Beginning with the line that holds "天運![]() | 栫菖人さんの天運は10画の1つ星!不安を感じやすい傾向。ストレスを抱えないように注意しましょう。", copy every remaining line of the listing below exactly, and leave the pictures out.
[[ Information provided, beginning ]]
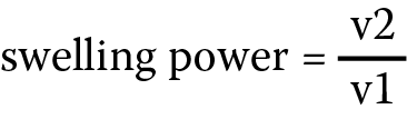 The polymer (0.5 g) was put into a measuring cylinder with a capacity of 10 mL, and the heights were recorded (h1). The polymer was mixed with phosphate buffer or distilled water to the 10 mL mark, and the resulting slurry was stirred for 5 min. The sedimentation height (h2) was measured after letting the suspension sit for 24 h. Next, the swelling power was determined30 (Equation 3):
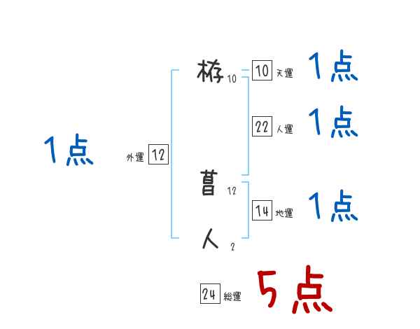 天運![]() | 栫菖人さんの天運は10画の1つ星!不安を感じやすい傾向。ストレスを抱えないように注意しましょう。 家系が持つ宿命的な運勢を表します。祖先から受け継いだ苗字ですので自分の力が及びません。家柄を象徴します。 |
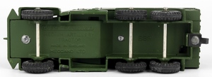 This classic military item from 1957 (Dinky stamp inside the box lid) has an original matte military green finish, two spare tyres stowed and a well-shaped detachable tin tilt. Driver figure.
[[ Information provided, end ]]
#### Written response
 天運![]() | 栫菖人さんの天運は10画の1つ星!不安を感じやすい傾向。ストレスを抱えないように注意しましょう。 家系が持つ宿命的な運勢を表します。祖先から受け継いだ苗字ですので自分の力が及びません。家柄を象徴します。 |
 This classic military item from 1957 (Dinky stamp inside the box lid) has an original matte military green finish, two spare tyres stowed and a well-shaped detachable tin tilt. Driver figure.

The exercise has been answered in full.